Everything goes through ./Quickstart <command> — a single bash entry point that delegates to cli/quickstart.py. Run it with no command for local dev servers.

# Clone and install
git clone https://github.com/JimothyJohn/specodex.git
cd specodex
uv sync

# Local dev (backend :3001, frontend Vite :5173)
./Quickstart dev

# Pre-push gate — mirrors CI exactly: lint + tests + build
./Quickstart verify

# Extract specs from a PDF (page-finder + Gemini + Pydantic)
uv run specodex \
  --url "https://example.com/motor-catalog.pdf" \
  --type motor --manufacturer "Acme" --product-name "X100"

# Scrape a product webpage (JS-rendered, same pipeline)
uv run web-scraper \
  --url "https://shop.example.com/products/X100" \
  --type motor --manufacturer "Acme" --product-name "X100"

# Query the database
uv run dsm find --type motor \
  --where "rated_power>=1000" --sort "rated_torque:desc"

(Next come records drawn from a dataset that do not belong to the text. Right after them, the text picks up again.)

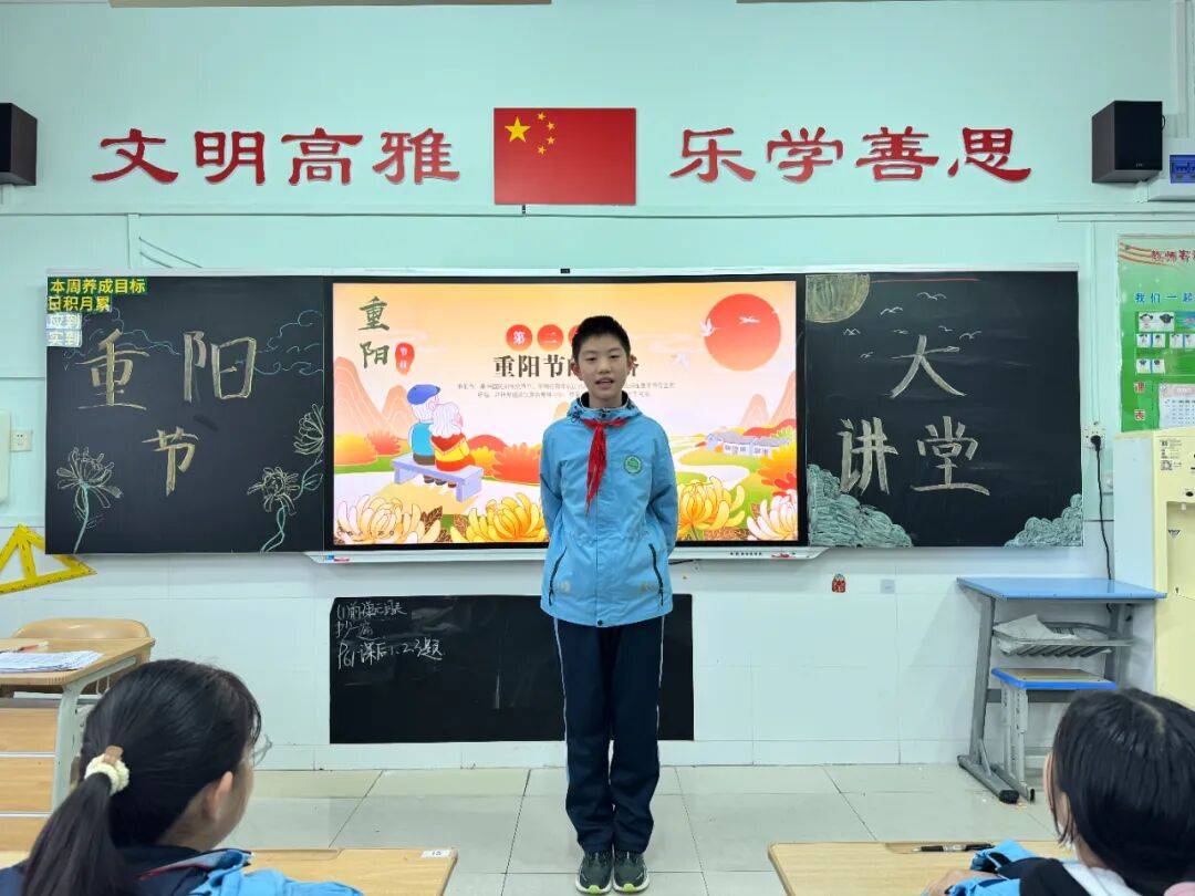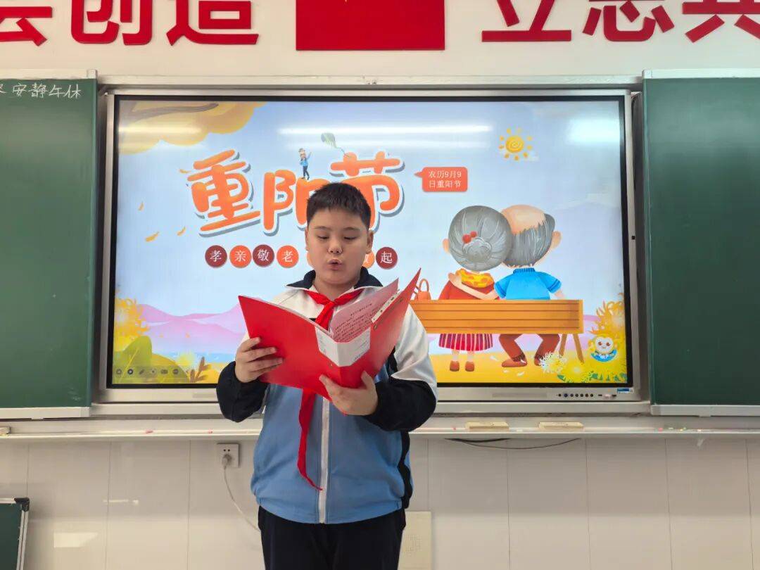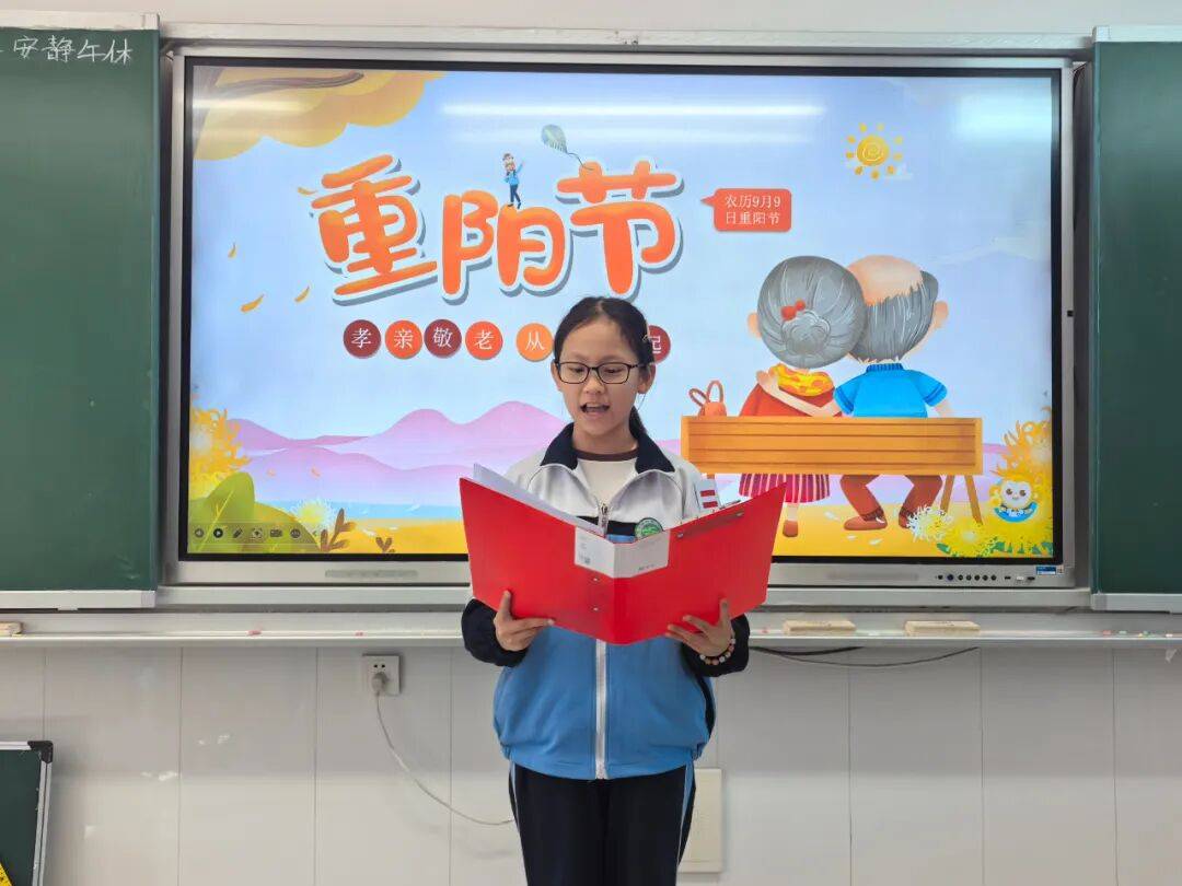 五年级学生代表以“爱在重阳”为题,用生动的语言诠释了“孝”的时代内涵,呼吁全体同学将敬老之心化为实际行动,为家中长辈送上一句问候、分担一份家务,让传统美德在日常点滴中传承。
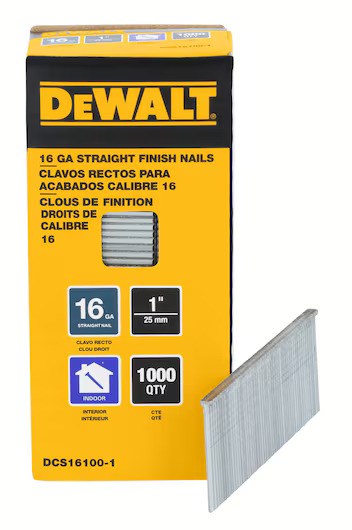 DEWALT 16-GAUGE STRAIGHT FINISH NAILS - 1"DeWalt DCS16 series 16-gauge straight finish nails are designed for interior trim and finish work. Made from galvanized carbon steel with a chisel point for reduced material splitting, these nails deliver consistent drivability in 16-gauge straight finish nailers.
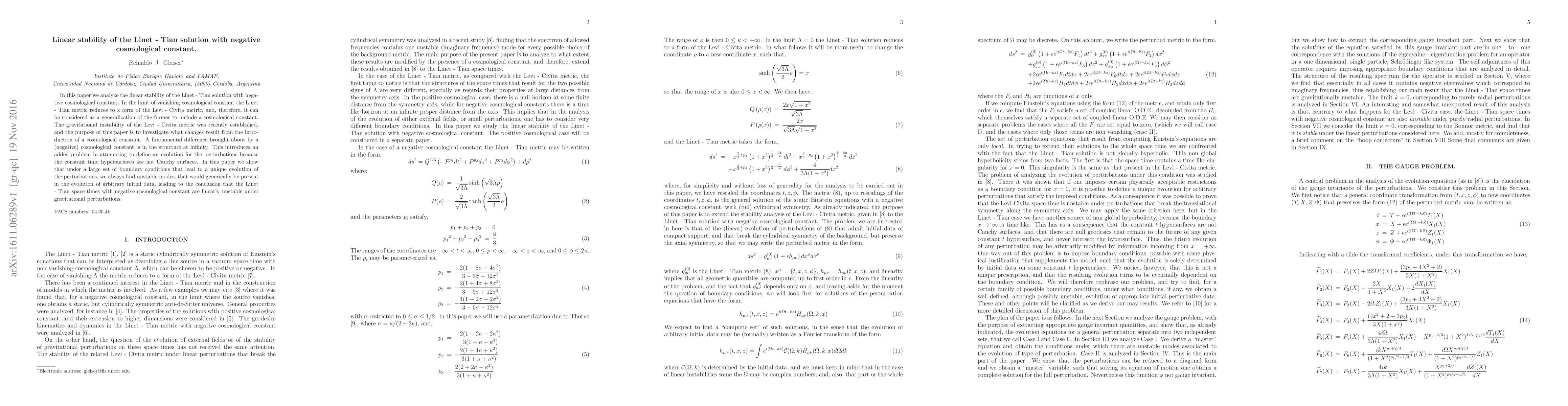 In this paper we analyze the linear stability of the Linet - Tian solution with negative cosmological constant. In the limit of vanishing cosmological constant the Linet - Tian metric reduces to a form of the Levi - Civita metric, and, therefore, it can be considered as a generalization of the former to include a cosmological constant. The gravitational instability of the Levi - Civita metric was recently established, and the purpose of this paper is to investigate what changes result from the introduction of a cosmological constant. A fundamental difference brought about by a (negative) cosmological constant is in the structure at infinity. This introduces an added problem in attempting to define an evolution for the perturbations because the constant time hypersurfaces are not Cauchy surfaces. In this paper we show that under a large set of boundary conditions that lead to a unique evolution of the perturbations, we always find unstable modes, that would generically be present in the evolution of arbitrary initial data, leading to the conclusion that the Linet - Tian space times with negative cosmological constant are linearly unstable under gravitational perturbations.
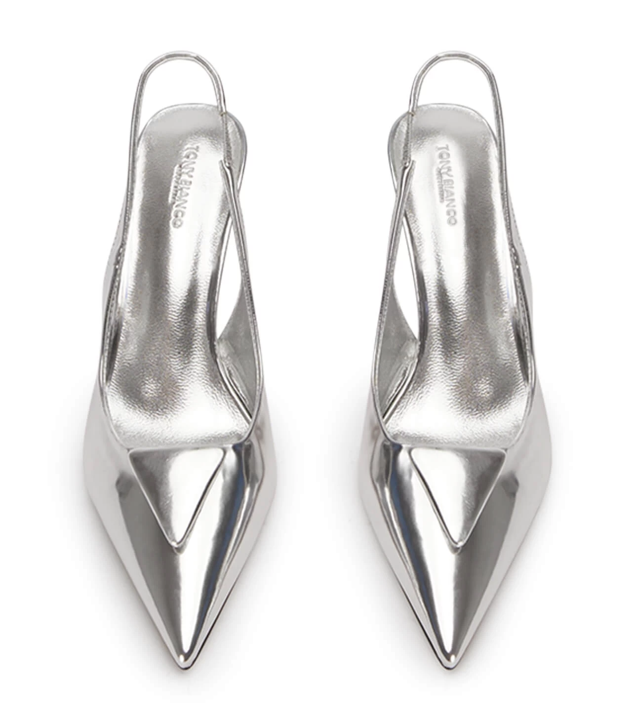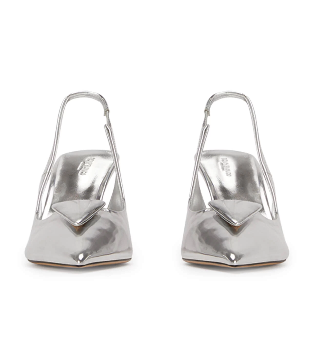 Introducing our answer to the perfect pointed-toe sling-back heel, Bertie. Encapsulating chic sophistication, this pump features an angular heel, sleek pared back design and triangular plaque detailing. Finished in our signature silver shine for a polished modern look.
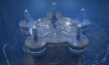 Examine the metal disc on the pillar and you’ll find you’re able to rotate portions of the disc. Rotate both of them until you see sparks and you’ll unlock the Spire of Soaring. The image on the disc will appear similar to an eye.
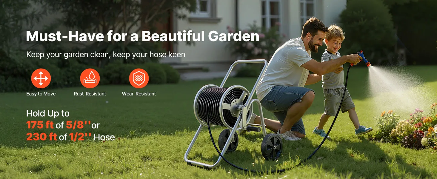 L'avvolgitubo per impieghi gravosi VEVOR è dotato di ruote in PVC solide. Queste ruote offrono maggiore stabilità e manovrabilità. Le ruote sono progettate per gestire vari terreni. Ciò semplifica lo spostamento del carrello nel tuo cortile o giardino. Inoltre, le ruote aiutano a distribuire il peso in modo uniforme. Garantiscono che il carrello rimanga stabile anche quando è completamente carico. Grazie a questa maggiore stabilità, è più facile avvolgere il tubo senza troppi sforzi. Inoltre, puoi goderti l'azione di rotolamento fluida. Ecco perché spostare la ruota da un posto all'altro diventa senza sforzo. La combinazione di ruote solide e costruzione robusta migliora l'usabilità del carrello. Ottieni una grande praticità per le attività all'aperto.
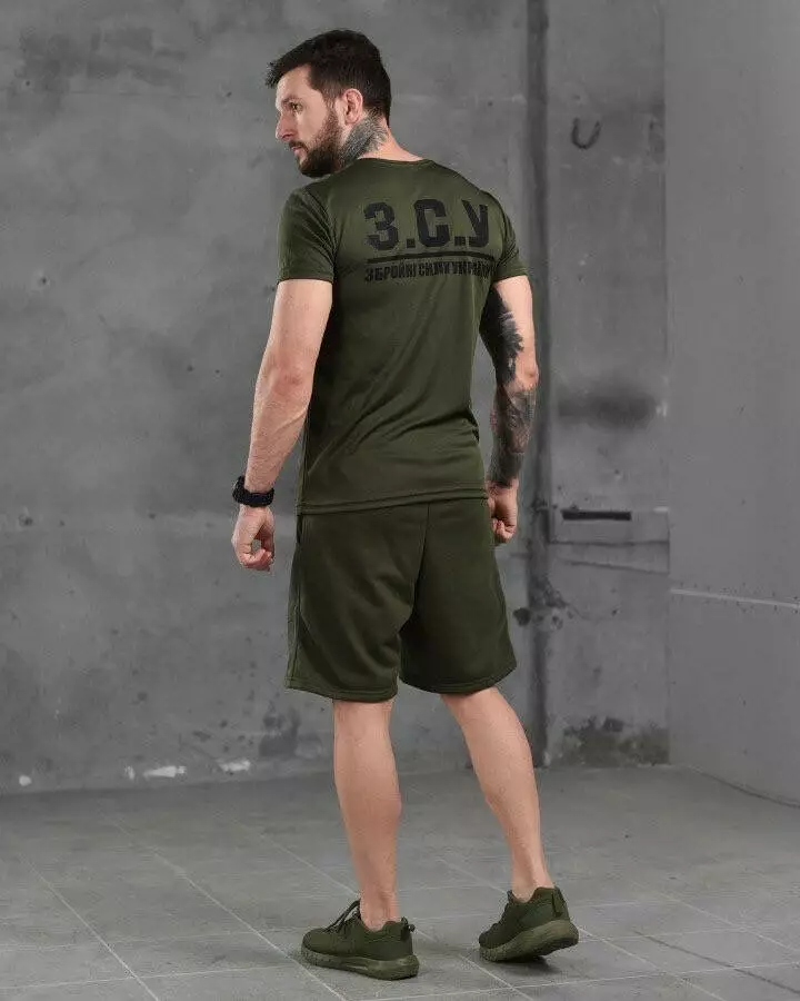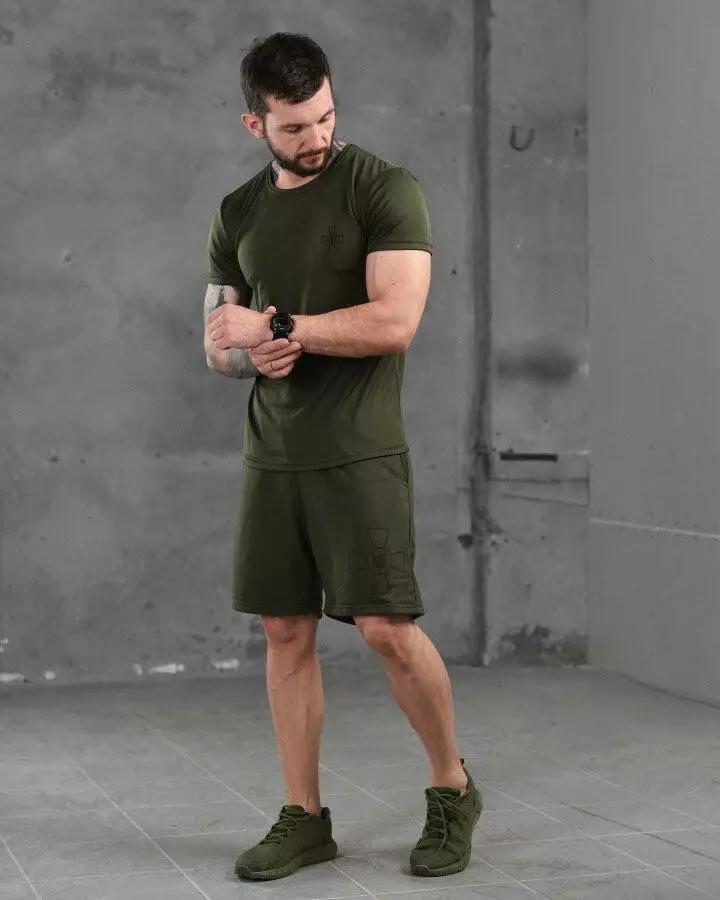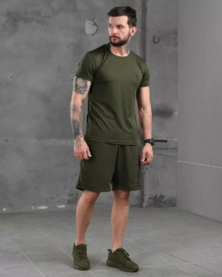 Підготуйтеся до літа з нашим стильним чоловічим комплектом, що містить комфортні шорти та футболку. Шорти виготовлені з легкого дихаючого матеріалу, який ідеально підходить для активного способу життя. У них зручний пояс на зав'язках для ідеальної посадки. Футболка виготовлена з поліестеру, що забезпечує еластичність і комфорт. Вона має стильний принт на грудях і чудово поєднується із шортами.

# Propose a new Pydantic product model from 3-5 vendors
./Quickstart schemagen abb.pdf siemens.pdf schneider.pdf --type valve

# Benchmark the ingress pipeline against control datasheets
./Quickstart bench
▮▮▮ API ▮▮▮
Endpoint Description
GET /healthStatus, mode, environment, timestamp
GET /api/v1/searchFull-text + filtered + sorted search
GET /api/productsList products (filter ?type=motor)
GET /api/products/summaryCounts by product type
GET /api/products/categoriesAvailable product types with counts
GET /api/products/manufacturersUnique manufacturer list
GET /api/datasheetsDatasheet source entries
POST /api/uploadQueue a datasheet for processing (admin)
▮▮▮ ARCHITECTURE ▮▮▮
  1. ARCH-01

    Extraction (Python)

    Page-finder text heuristic strips a 600-page catalog to ~20 spec pages before any LLM call. Gemini emits structured JSON; specodex validators map it to canonical value;unit compact strings. Quality-scored, then written.

  2. ARCH-02

    Frontend

    React + TypeScript + Vite. Deployed to S3 behind CloudFront. Two modes: admin (full CRUD) and public (read-only search and filter).

  3. ARCH-03

    Backend

    Express on AWS Lambda via API Gateway. REST: search, product CRUD, datasheet management, upload pipeline.

  4. ARCH-04

    Data

    DynamoDB single-table: PK=PRODUCT#TYPE, SK=PRODUCT#UUID. S3 for PDFs. Deterministic UUIDs deduplicate across sources.